According to a further aspect of the invention, described inspection shadow support can two-dimensional movement on the table, and liftable.

In retinoscopy optometry system of the present invention, be provided with the link mechanism between skiascope and photographic head, by this bindiny mechanism, skiascope can be linked two-dimensional rotary on photographic head (when photographic head comprises the adjustable camera lens of long-focus, be connected on this camera lens), the shadow completed in retinoscopy optometry process moves the swing of light and the spinning movement of axis of astigmatism.Pendulum angle scope: ± 30 °, the i.e. rotational angle range of radial rotating dish; Rotation angle range: ± 90 °, the i.e. rotational angle range of axial rotation dish, ensure that the custom gesture that still can meet in systems in which and manually examine optometrist in shadow process, namely, swing and move for the shadow observing light, the rotation of skiascope is for determining the axis of astigmatism.The anglec of rotation of ± 90 ° covers whole angles of astigmatism.This system overcomes the defect being not easy when using photographic head shooting inspection image to locate, and retain the part custom of the hand-held retinoscopy optometry of Traditional Man, and by variable length zoom lens, clearly can photograph inspection shadow figure, to examine image display on a monitor, optometrist not only can observe whole process by monitor, judges, completing retinoscopy optometry, intuitional instruction can also be carried out by utilizing the perfect inspection image represented on monitor.Spied on by remote the simple eye of (67 centimetres) of aperture (about 1-2 millimeter) in the past, utilize native system, can observe comfortably by eyes on giant-screen, pupil image is also exaggerated several times, revolutionize the judge process of retinoscopy optometry, mysterious and art up retinoscopy optometry process are become and easily operates and be imbued with enjoyment.Native system retinoscopy optometry is played more superior, change traditional deficiency not seeing, cannot impart knowledge to students completely.

According to the present invention, can be implemented in retinoscopy optometry process, fast, stable, accurately shoot retinoscopy optometry image clearly.By a kind of retinoscopy optometry system provided by the invention, by arranging bindiny mechanism between photographic head and hand-held skiascope, achieve quick, stable, accurate shooting inspection image, and use the photographic head with variable length zoom lens, achieve shooting clear image, thus display on a monitor, can supply optometrist, student or other people watch retinoscopy optometry process.Optometrist not only can observe inspection shadow process by eyes, makes originally to be not easy observation and becomes and be easy to observe, meanwhile, and dramatic more when imparting knowledge to students for teaching.
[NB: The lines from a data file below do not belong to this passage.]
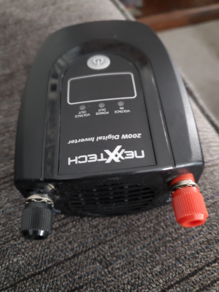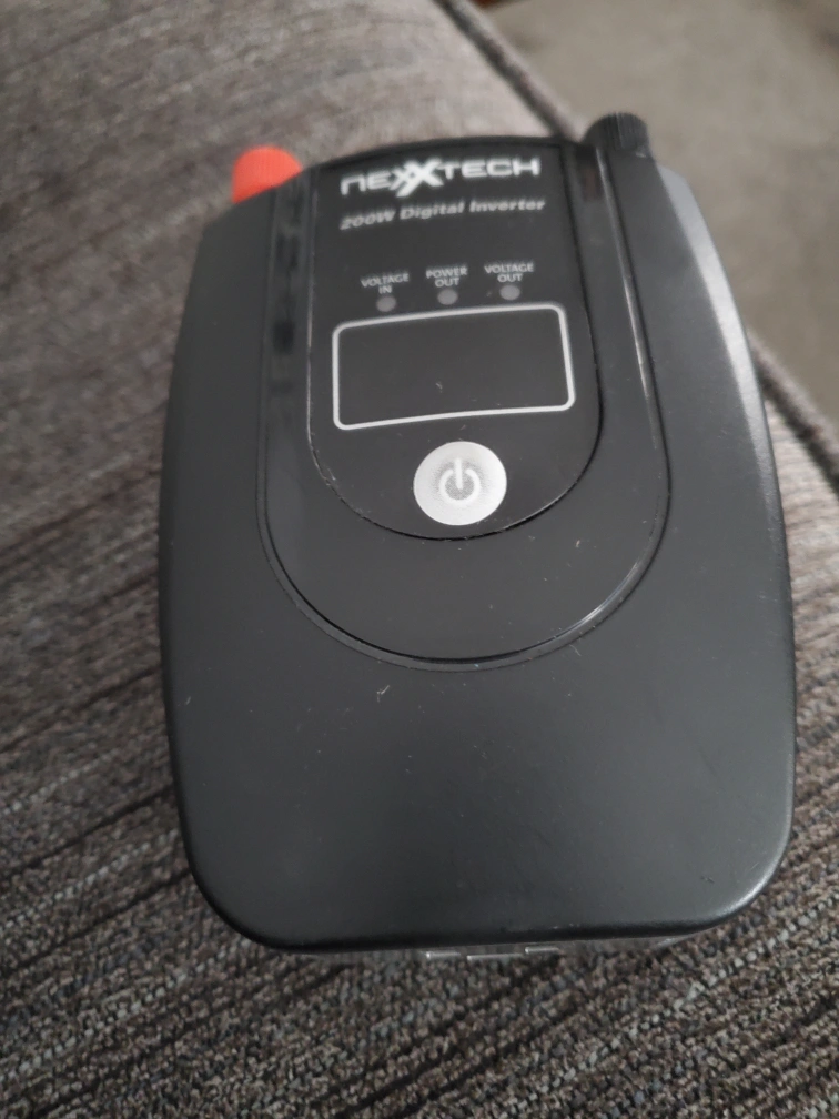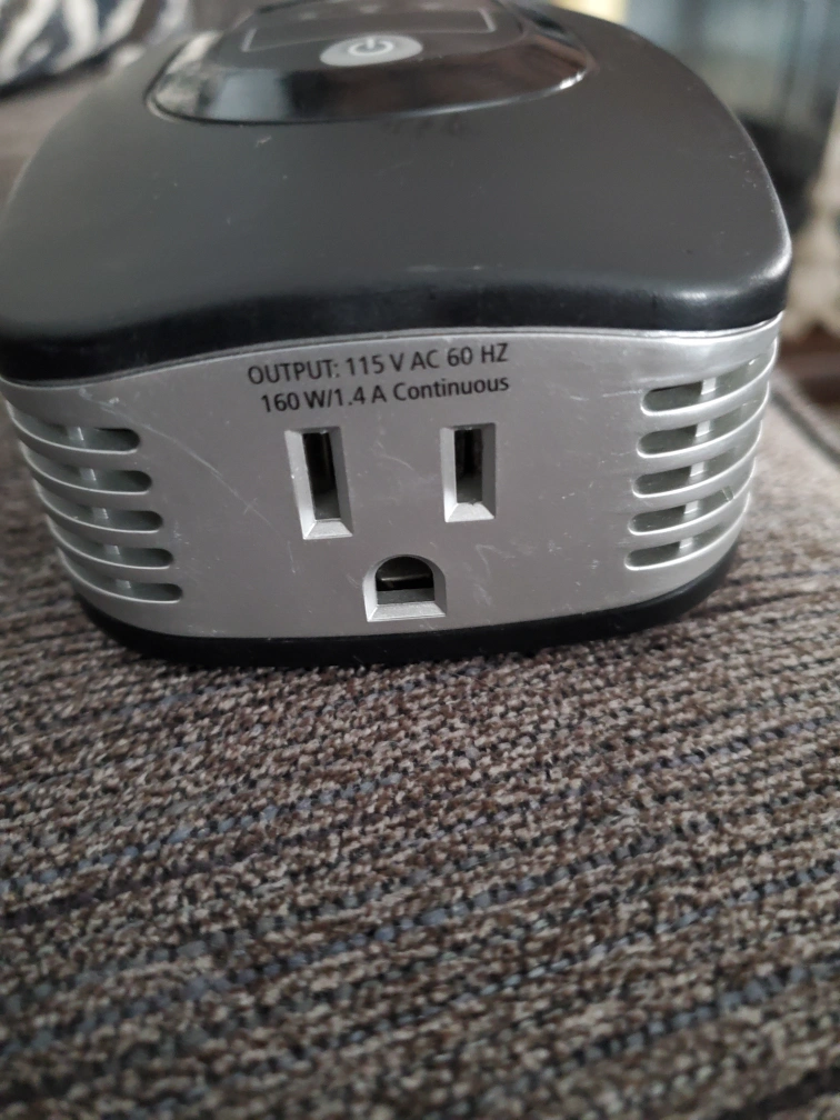Show allPortable power inverter. Converts 12V DC to 115V AC. Features USB and AC outlets. Compact and lightweight design. Ideal for travel or emergencies.
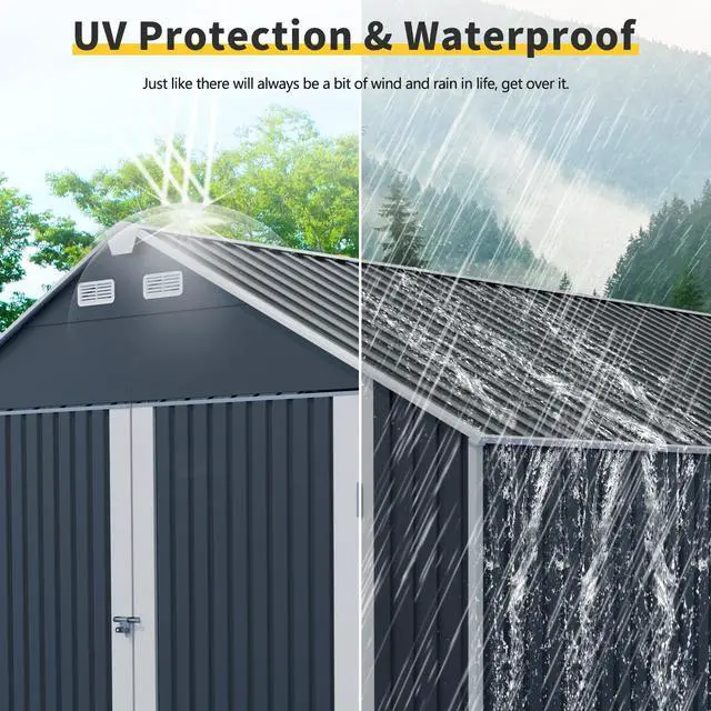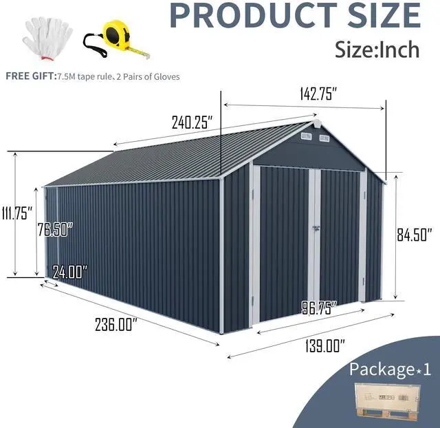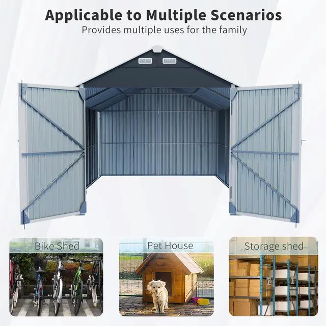 Industrial-Grade Durability Constructed with heavy-duty galvanized steel and a rust-resistant coating to combat corrosion, wind, snow, and rain. Reinforced roof panels and walls ensure resistance to wind, rain, and snow.
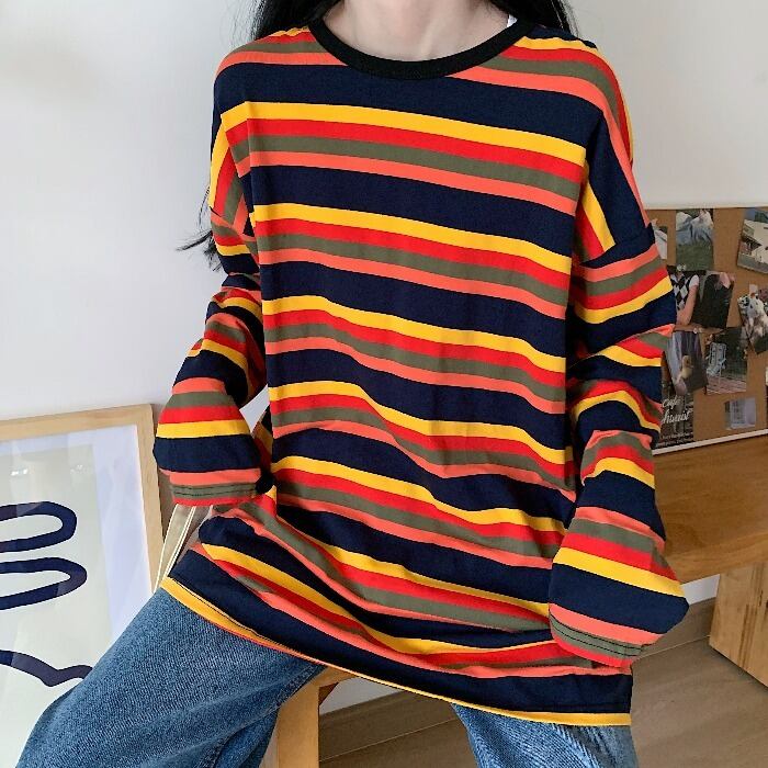 ✞ スタンダードストライプセーター ラウンドネックプルオーバー トップス ロング レトロ ✞ゴスロリ SM ミリ 甘ロリ クラロリ 和ロリ エレガント 黒ロリ 姫ロリ 華ロリ BB-BB54872323242
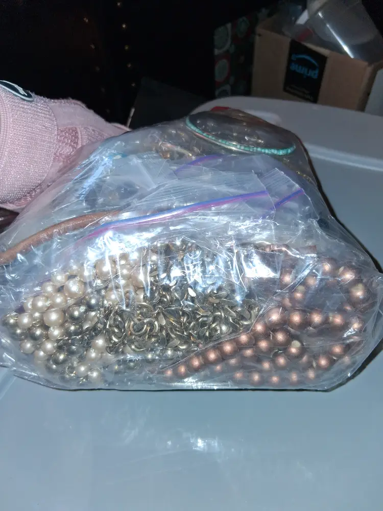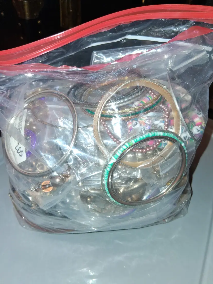 This is a 4 lb mystery bag #10, mixed lot of vintage to modern, all wearable costume jewelry, consisting of, necklaces, earrings, bracelets and even some more. Each piece or earring set, I have individually bagged in mini zip lock bags and they ready to be resold online, live auction selling, or at flea markets, etc. Some bangle-style bracelets are not bagged. The jewelry is a mix of multicolor pieces made with mixed metals and materials, including vintage pieces to modern styles. This collection offers many more than 50 pieces perfect for fashion enthusiasts looking to add unique and eclectic pieces to their collection, or for reselling. You could make your money back in about 12-15 pieces and the rest, is your profit! I cut out a big part of the work, by sorting, selecting and bagging each piece for you! All are in GREAT COND!!

Skiascope in this refraction system is utilized and can shift to workbench side by the two-dimentional support slided, next for client does the subjective optometry of comprehensive optometry instrument, objective+subjective optometry can be realized, for client provides the professional optometry service of highest level at once.

Accompanying drawing explanation

Fig. 1 (A)-(D) is that inspection shadow tests principle schematic;

Fig. 2 is the structure chart according to retinoscopy optometry system of the present invention;

Fig. 3 (A)-(C) schematically shows the topology view of the bindiny mechanism 7 according to retinoscopy optometry system of the present invention;

Fig. 4 (A)-(C) schematically shows another topology view of the bindiny mechanism 7 according to retinoscopy optometry system of the present invention;

Fig. 5 shows the schematic cross-section that radial rotating dish 73 and axial rotation dish 72 link place.
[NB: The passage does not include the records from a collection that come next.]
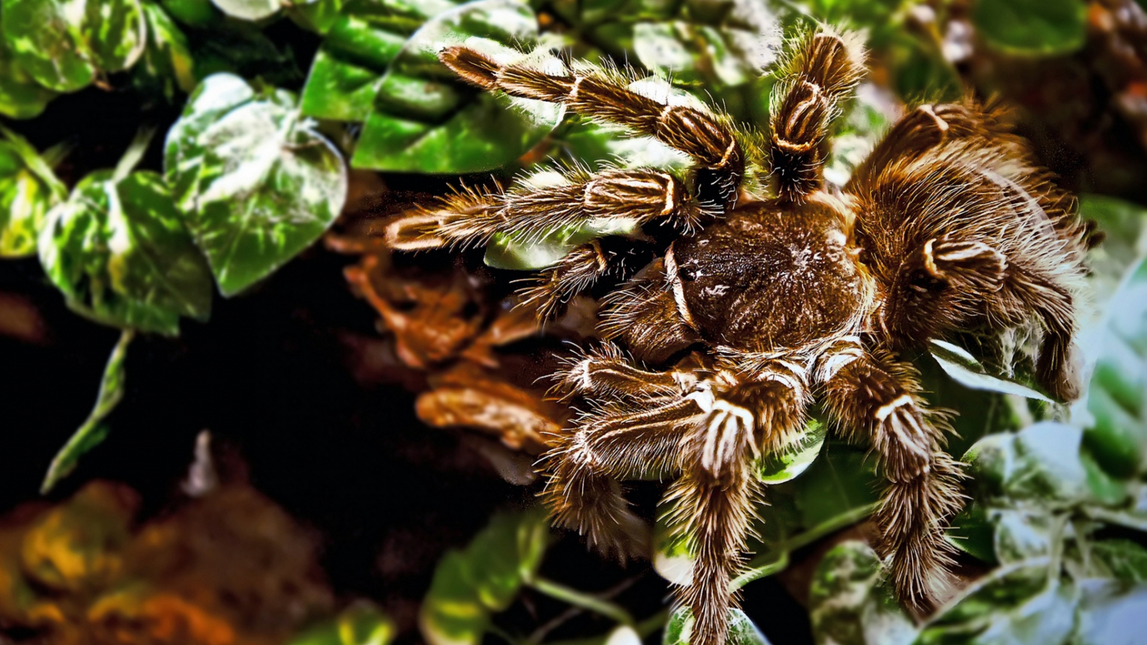 Description: A close up of a spider on a plant with leaves in the background and a blurry background of leaves.
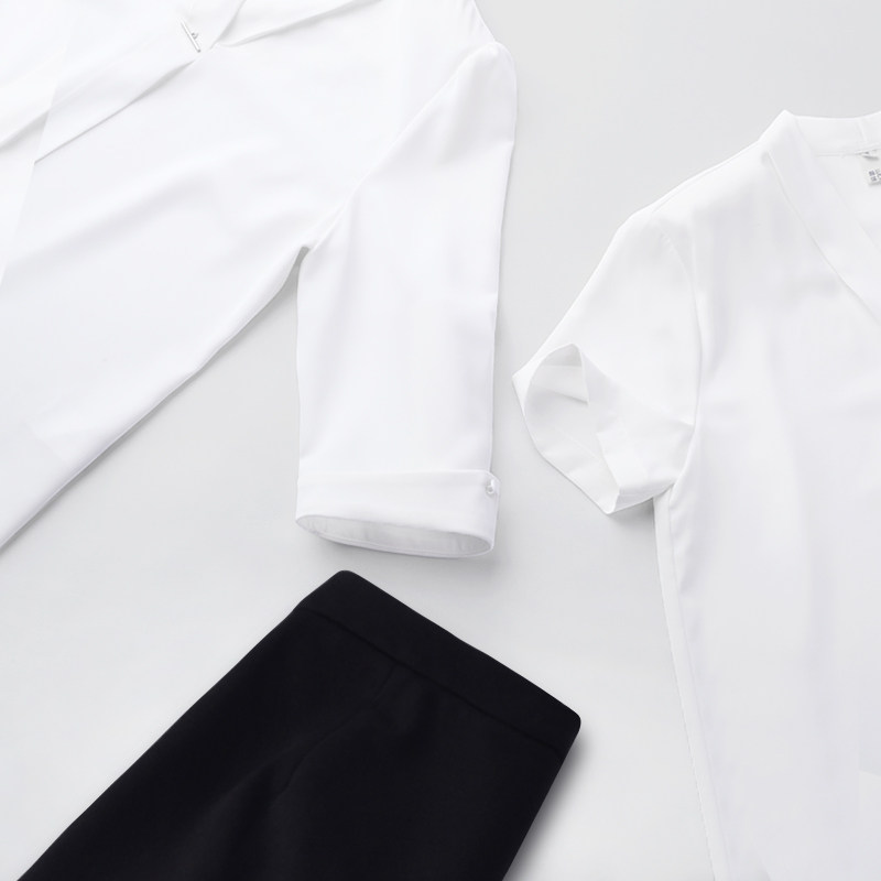 White mid-sleeve shirt White short-sleeved shirt White mid-sleeve shirt Black skirt White short-sleeved shirt Black skirt Black skirt
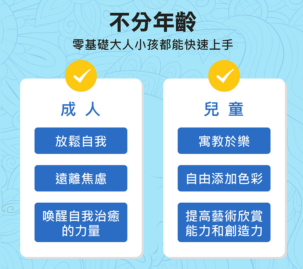 家長與孩子也可以一起繪圖,討論色塊區域該怎麼分配色系,不僅能在著色過程中能讓心情平靜,煩惱和焦慮也能被抒發,轉而改以創意完成飽含藝術特色、數一數二獨特的作品!
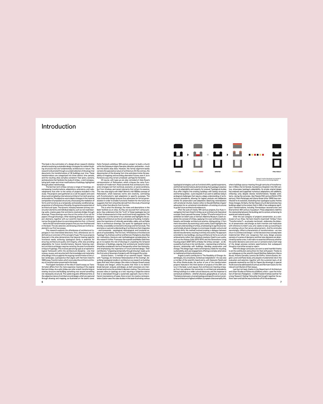 The book also includes several contributions that explore architectural typology, transformation and theoretical concepts. Andreas Lechner and Gennaro Postiglione discuss the "affordances of architectural typology", while Francesca Serrazanetti and Maike Gold examine "temporality through drawing". Victoria Easton explores "typology as an emotional rationalisation of the existing" and Eva Kuss analyses "Hermann Czech's 'Umbau' as an architectural-theoretical concept". Angelo Lunati looks at "assemblages, accumulations and contextual adaptations", while Hermann Czech contributes his famous work on "transformation" in architecture, thus opening the theoretical dialogue.

Detailed description of the invention

For making the object, technical solutions and advantages of the present invention clearly understand, below in conjunction with detailed description of the invention also with reference to accompanying drawing, the present invention is described in more detail.Should be appreciated that, these describe just exemplary, and do not really want to limit the scope of the invention.In addition, in the following description, the description to known features and technology is eliminated, to avoid unnecessarily obscuring concept of the present invention.

Fig. 2 shows the structure chart of retinoscopy optometry system of the present invention.Retinoscopy optometry system of the present invention can comprise workbench 1, volume holder support 2, inspection shadow support 3, skiascope 4, photographic head 5, monitor 6, and volume holder support 2 is placed in one end of workbench 1, can be used for propping up examinee's chin, and keeps lung head 9; Inspection shadow support 3 is placed in the other end of workbench 1, and can slide relative to volume holder support 2, to regulate the Distance geometry position between two stands; Photographic head 5 is examined image by the peep-hole shooting of skiascope 4 and is placed in skiascope 4 and examines on shadow support 3; Monitor 6 is connected with photographic head 5, for showing the inspection image that photographic head 5 detects.Bindiny mechanism 7 can be provided with between skiascope 4 and photographic head 5.

Volume holder support 2 is fixed on one end of workbench 1, inspection shadow support 3 is placed in the other end of workbench 1, but inspection shadow support 3 can be made two dimension relative to volume holder support 2 and slide, to change the Distance geometry pan angle of inspection shadow support 3 relative to volume holder support, thus the position of the peep-hole of photographic head 5 and skiascope 4 and tested eye is consistent, carry out optometry smoothly thus.Inspection shadow support 3 of the present invention is not limited to the structure illustrating in figure to draw, other structures also can may be used for the present invention by two-dimentional sliding support.After retinoscopy optometry terminates, can by this refraction system can two dimension slide inspection shadow support 3 shift to workbench side, next for client does the subjective optometry of comprehensive optometry instrument, objective+subjective optometry can be realized, for client provides the professional optometry service of highest level at once.

Skiascope 4 is traditional skiascopes, and structure is simple.It can be hand-held skiascope.The light that skiascope sends incides tested eye, and observes by peep-hole the inspection image that the reflected light of tested eye is formed.Namely photographic head 5 plays observation effect, and the inspection image detected is transferred to monitor 6.Monitor 6 can be liquid crystal display or CRT monitor, and the inspection image demonstrated by monitor 6 clearer, objectively will show inspection shadow process.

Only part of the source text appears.